Taking place in different parts of the world as a cry of revolt of the racialized, the rap knows an explosion in the 1990s. Its success and the appearance of figures of the genre attracted the media and listeners, breaking out of the “entre soi” and allowing to reaffirm its anti-racist message. In France, rappers are not content to sing about anti-racism: they wage war on racism. Groups such as NTM or IAM, whose name is evocative, make provocations in the media and in their lyrics against racist France and the National Front. But rap can also call for unity and blame no one. At the same time, feathers like Oxmo Puccino’s were opposed to accusing figures like Kery James and his famous “Letter to the Republic”. This call for unity gradually gave birth to a plurality of rap, going beyond the simple musical genre that “transgresses”.

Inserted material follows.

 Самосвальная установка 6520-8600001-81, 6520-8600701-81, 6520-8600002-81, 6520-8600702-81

In France, the democratized rap sees imposing a diversity of artists. The transgressive message of the musical genre, opposing society, is attenuated to give way to a diversity of messages and aspirations. The white man becomes as bankable as the black man… But if we see racism – or rather anti-racism – as a constituent of rap, this openness can also be its continuity. Advocating openness and tolerance, democratization would then represent the culmination of rap’s anti-racist message. But the origins of rap do not disappear for all that. So much so that we call ‘iencli’ rap a white rap, which is far from the considerations stated above. If these same “ienclis” can claim a strong anti-racism, it is today a plural rap that is not only dedicated to a message against oppression.

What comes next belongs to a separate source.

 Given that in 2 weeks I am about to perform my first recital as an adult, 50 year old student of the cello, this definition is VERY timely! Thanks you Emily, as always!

The media and the touchy subject of race in rap music

As an irony of fate, Nick Conrad was recently accused of “anti-white racism”. As the little-known rapper released a song Pendez les blancs, a media lynch mob built around him. The rapper would be a “racist” calling for hatred of whites. Since the 1990s in France, the media have been very interested in the “slips” made by rappers on these issues. As if to reappropriate a domination that would be taken away from them through rap, the mainstream media likes to create controversy and reinsert the “racial question” into French rap, even though Thierry Ardisson tries not to deal with it anymore. In the United States, the affirmation of the anti-racist message in rap has remained very present in the media. Today, a show like Rhythm + Flow promotes the traditional image of hip-hop. The only white contestants were warned by a racialized panel of judges “you’re going to have to make your mark in this business, as a white person.” Kendrick Lamar had in 2016 invited a young fan on stage. As she chanted his lyrics that contained the “n-word”, he had taken over by telling her that she didn’t have to enunciate that word, infusing her with words that would not have been accepted by the French media, so fearful of the word ‘white’. The media took up the issue with much less enthusiasm than in the French controversies, re-launching the debate on the limits of the use of the n-word.

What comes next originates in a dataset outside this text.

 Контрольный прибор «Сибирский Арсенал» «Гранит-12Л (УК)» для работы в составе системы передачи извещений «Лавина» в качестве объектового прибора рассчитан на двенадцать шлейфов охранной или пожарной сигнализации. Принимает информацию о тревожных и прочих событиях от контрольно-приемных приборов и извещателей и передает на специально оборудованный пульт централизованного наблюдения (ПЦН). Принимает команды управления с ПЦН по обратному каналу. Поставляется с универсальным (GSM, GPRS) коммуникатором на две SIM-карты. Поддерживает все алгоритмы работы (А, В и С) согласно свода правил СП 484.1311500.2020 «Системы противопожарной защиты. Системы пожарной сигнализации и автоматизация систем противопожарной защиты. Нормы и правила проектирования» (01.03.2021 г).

Today, rap has become the most listened to music in France. Its message is a way to educate and talk about what the “dominant” don’t talk about. Rappers almost cohabit with Victor Hugo or Balzac in the books of high school students. In the United States, it allows the voice of the suburbs to be reaffirmed and the relationship to “race” to be reexamined in the country. The question of the “N-word” was largely (re)posed thanks to rap and allowed major societal questions to be reopened. The democratization of the genre is therefore a way of making itself heard and has notably allowed social categories far from these issues to educate themselves.anti-racism has built rap, but the reciprocal is also true. This equation makes the two variants a relatively inseparable duo, and has been since its creation. By reversing the balance of power, it has allowed to really serve a form of struggle. If rap was at the beginning a consequence of anti-racism and one of its expressions, its scope has made it a solid pillar.